Dive_Against_Debris_North_America

Many fellow 1% for the Planet members are committed to innovative waste reduction strategies. Project AWARE, a global nonprofit organization, is focused on the trash you can’t see — underwater. More than six million tons of trash — much of it plastics — enters the ocean each year. Single use items we throw away every day, like plastic bottles and bags end up on the ocean floor.

This Earth Day, Project AWARE launched a new interactive Dive Against Debris Map to help visualize a problem that is mostly invisible to the public.

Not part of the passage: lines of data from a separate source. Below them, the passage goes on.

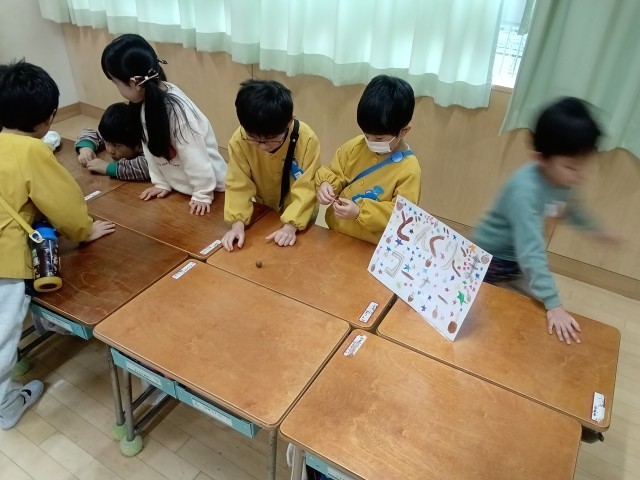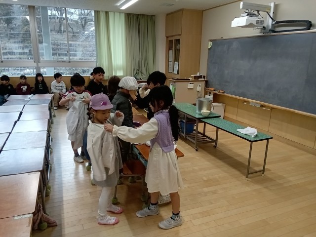 4月から新1年生として入学する年長児に、学校生活について紹介したり、体験してもらったりしました。掃除の仕方や、給食白衣の着方など、教えることが盛り沢山ですが、そこはさすがの1年生です。みんなで協力しながら、自分の担当をしっかりと務めていました。お兄さん、お姉さんとして優しく教える姿に、1年間の成長を改めて感じました。
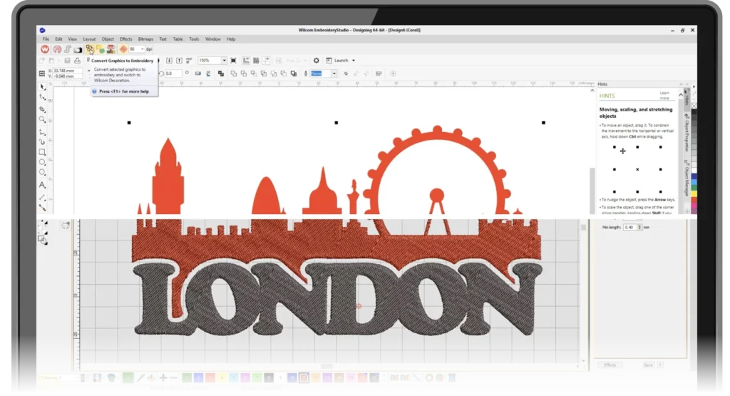 Mit einem einzigen Klick können Sie Ihre Wilcom .EMB-Stickdateien in eine CorelDRAW®-Vektordatei konvertieren, um sie für den Digitaldruck, den Siebdruck oder jedes vektorbasierte Logodesign zu verwenden. Verkaufen Sie mehr an Ihre Kunden!
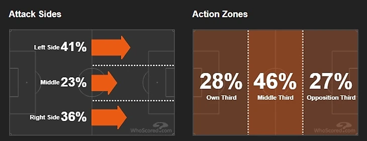 Зональное распределение активности «Мадрида» в домашних и гостевых матчах Ла Лиги
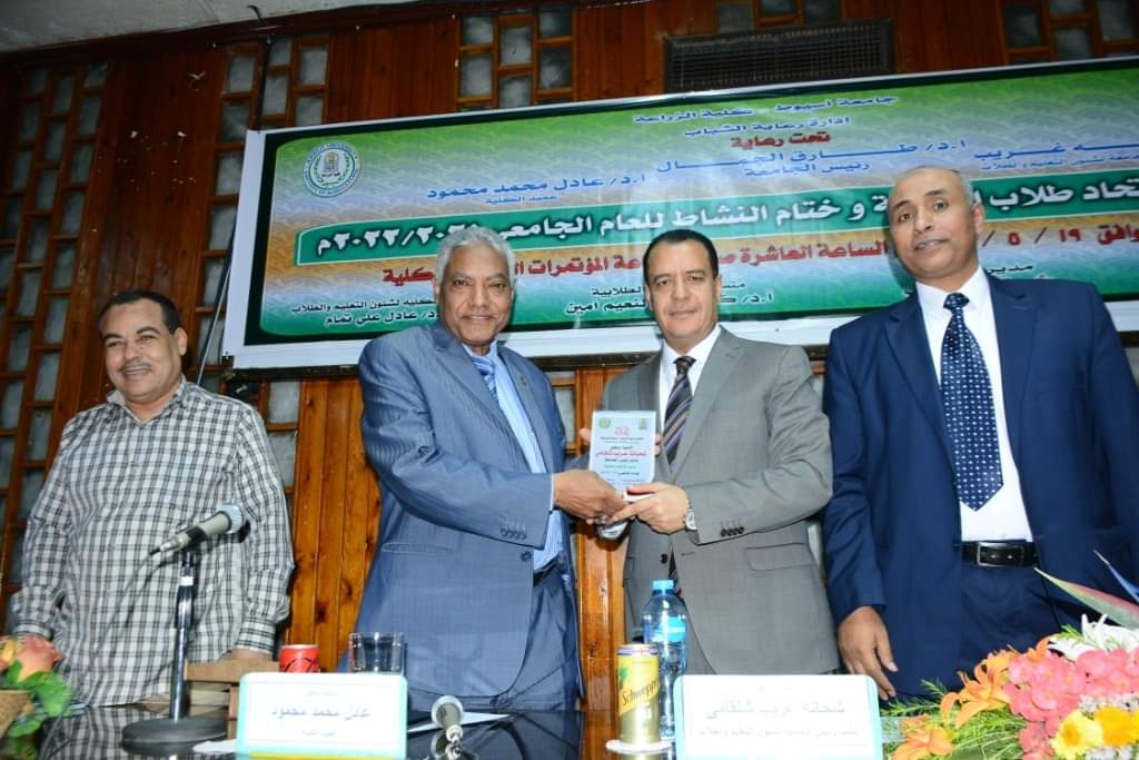كما أشار الدكتور عادل محمود عميد الكلية إلى ما تمتلكه جامعة أسيوط و كلية الزراعة  من طلاب متميزين و مبدعين يعملون بروح الفريق الواحد  قادرين على الإبداع و الابتكار المستمر  في مختلف الأنشطة الطلابية التي يشاركون فيها و تمثليهم المشرف لجامعة أسيوط على مستوى الجامعات المصرية في ظل ما توليه إدارة الجامعة لهم من دعم و رعاية و تشجعيهم على ممارسة كافة الأنشطة الطلابية، مشيراَ إلى أن فعاليات الحفل شهدت تقديم  عدد من الفقرات الموسيقية و العزف الموسيقى و الأنشطة الطلابية المتنوعة لطلاب الكلية ، كما شهدت ختام  فعاليات الحفل إهداء عميد كلية الزراعة درع كلية الزراعة إلى الدكتور شحاتة غريب  تقديراَ لدعمه المستمر و تذليل كافة الصعوبات و العقبات التي تواجه طلاب الجامعة أثناء مشاركتهم و ممارستهم للأنشطة الطلابية.

I hope you’ll explore the interactive map to see what kinds of trash divers are finding in bodies of water near you and share it within your networks to help shed light on marine debris issues.

Here’s what Project AWARE’s global network of scuba divers are finding so far:

  • Plastics are the No. 1 type of ocean trash, making up nearly 70% of the total – nearly 400,000 pieces of debris reported to date.
  • Surveys from more than 60 countries include everyday items like plastic bottles and plastic bags as well as other plastics like fishing line and nets.
  • More than 700 entangled or dead marine animals reported since 2011, including marine mammals, birds and fish.

As more volunteer divers get involved to remove and report ocean trash, Project AWARE hopes the map will help identify target areas where waste reduction efforts are needed most. Visit us at projectaware.org.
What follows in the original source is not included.